Who was Clara Peeters?

Clara Peeters was a still life painter of the Flemish Baroque. Everything we know about her came from her paintings, so the biographical information we have is very limited. For example, her place of birth is not documented, there is no information of a possible wedding and we don’t know who trained her.


There are reasons to think that she based her career in Antwerp. There’s a painting in a collection in Amsterdam that is described in a document from 1635 as “a sugar banquet painted in 1608 by a woman Clear Pieters from Antwerp”. Also, it’s known that at least six of the supports that she used for her paintings bear marks from the same city. Panel and supports from Antwerp were not often used in other cities. So, it’s more likely that she was practising locally. Six of her known paintings include the same ornate silver knife that has inscribed her name. In (at least) three of them is visible on the blade a silver mark from Antwerp.

Still life with Flowers and Gold Cups of Honour (Staatliche Kunsthalle Karlsruhe)

By that time Antwerp was one of the most important commercial centres and one of the leaders in production and exportation of paintings in Europe.


Today there are 39 known paintings that bear the signature of Clara Peeters or an inscription of her name and also a few unsigned paintings can be attributed to her. Some of her paintings must have been lost.

table with oranges olives and pie
Table with oranges, olives and pie (Museo Nacional del Prado)

Her earliest paintings are dated from 1607 and 1608, it’s known that eleven of her paintings bear dates. Almost all of her paintings are still lifes. Her dedication to this genre was a result of the limitations imposed by contemporary culture on women artists. Her last work documented in the 17th century is a painting of birds recorded in a collection in Haarlem in 1685. In the 18th century her works appear in eight inventories in Bonn, Brussels, Hannover, Hamburg, London and Paris, it’s curious that not a single painting by her is recorded in Antwerp in both centuries. It indicates that she probably had cast a wide social and geographical net. She may have exported her works through art dealers what explains the wide distribution of her work.

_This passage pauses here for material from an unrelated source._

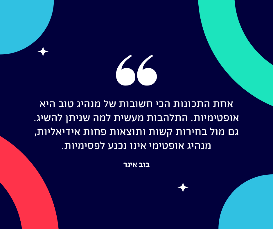 גם מול בחירות קשות ותוצאות פחות אידיאליות, מנהיג אופטימי אינו נכנע לפסימיות.״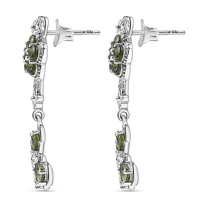 D'Joy Green Apatite & White Zircon Dangling Earring in Platinum Overlay Sterling Silver 2.97 Ct, Silver Wt. 5.13 Gms.

Still life with nuts, candy and flowers (Museo del Prado)

When Clara Peeters started working in the first decade of the 17th century only a few of this type of paintings were included in collections of the Southern and Northern Netherlands. However, the taste for this genre would grow in the following decades.

There are early documents that suggest that she had some name recognition in the Northern Netherlands.


At that time, knives were carried by guests when they’re invited to dine at someone else’s place. This type of knife was also used as wedding gifts. The knife we can see in her paintings (in which there is her name engraved) could be a souvenir of her own wedding, which is not documented.

Knife detail of Table with oranges, olives and pie


Clara Peeters included self-portraits in some of her paintings, at least eight. Her self-portraits are in the surfaces of jars and glasses. But to see them its needed a very careful look.


With the self-portraits Peeters is proclaiming her proud of being woman and painter. Also, it suggests that she knew other works with reflected images like Van Eyck’s The Arnolfini Portrait and Self-portrait in a convex mirror by Parmigianino.


  • She was the first woman artist to have a solo exhibition at Museo del Prado (Madrid – Spain), called The Art of Clara Peeters.